Dataset extract:
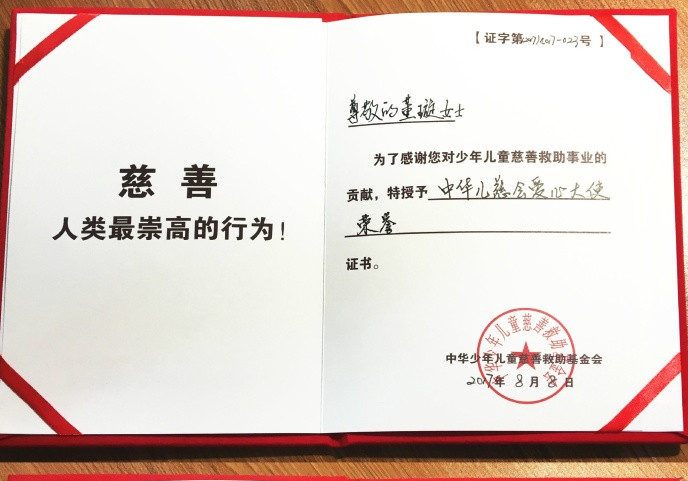 2017年8月8号,中国著名演员董璇女士特聘为中华少年儿童慈善救助中心(以下简称中华儿慈会)瞳爱救助中心“爱心大使”,并在99公益日期间为瞳爱救助中心公益代言,呼吁更多人关注视力不良儿童。
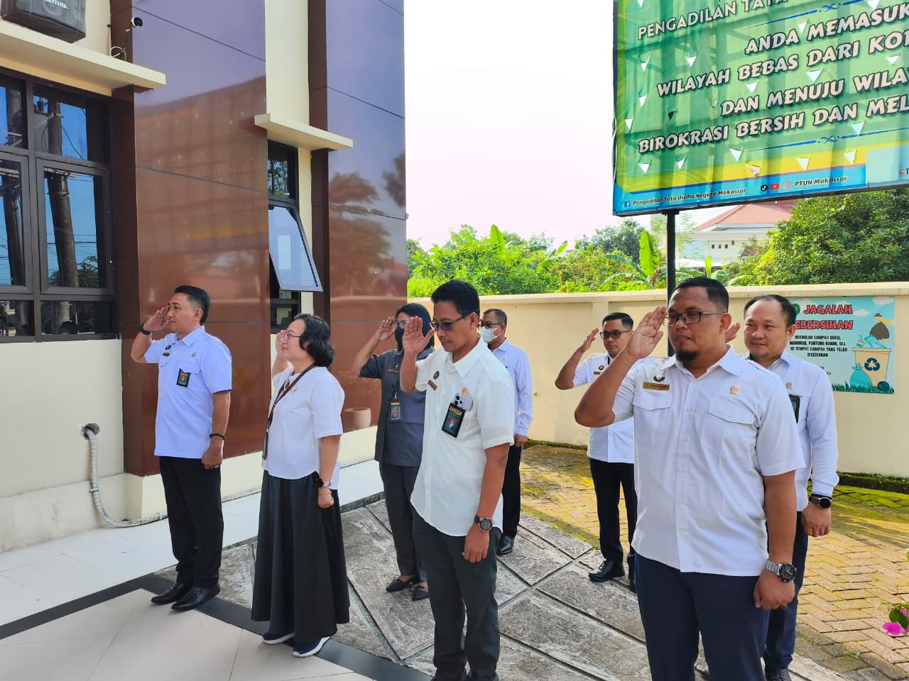 Bertempat dihalaman gedung kantor Pengadilan Tata Usaha Negara Makassar Seluruh aparatur PTUN Makassar mengikuti Apel Pagi dengan Pembina apel adalah Wakil Ketua Pengadilan Tata Usaha Negara Makassar Bapak Muhamad Ilham, S.H.,M.H.
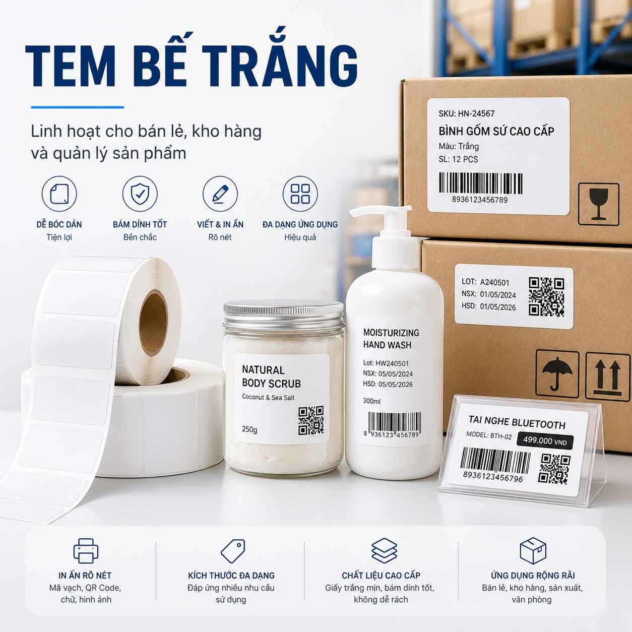 Từ vật liệu mặt, keo, ribbon đến công nghệ in và bế khuôn, mọi quyết định đều gắn với điều kiện vận hành của sản phẩm.

Problem statement:
Retype the data in full. Images do not go in the copy.

Solution to this problem:
 2017年8月8号,中国著名演员董璇女士特聘为中华少年儿童慈善救助中心(以下简称中华儿慈会)瞳爱救助中心“爱心大使”,并在99公益日期间为瞳爱救助中心公益代言,呼吁更多人关注视力不良儿童。
 Bertempat dihalaman gedung kantor Pengadilan Tata Usaha Negara Makassar Seluruh aparatur PTUN Makassar mengikuti Apel Pagi dengan Pembina apel adalah Wakil Ketua Pengadilan Tata Usaha Negara Makassar Bapak Muhamad Ilham, S.H.,M.H.
 Từ vật liệu mặt, keo, ribbon đến công nghệ in và bế khuôn, mọi quyết định đều gắn với điều kiện vận hành của sản phẩm.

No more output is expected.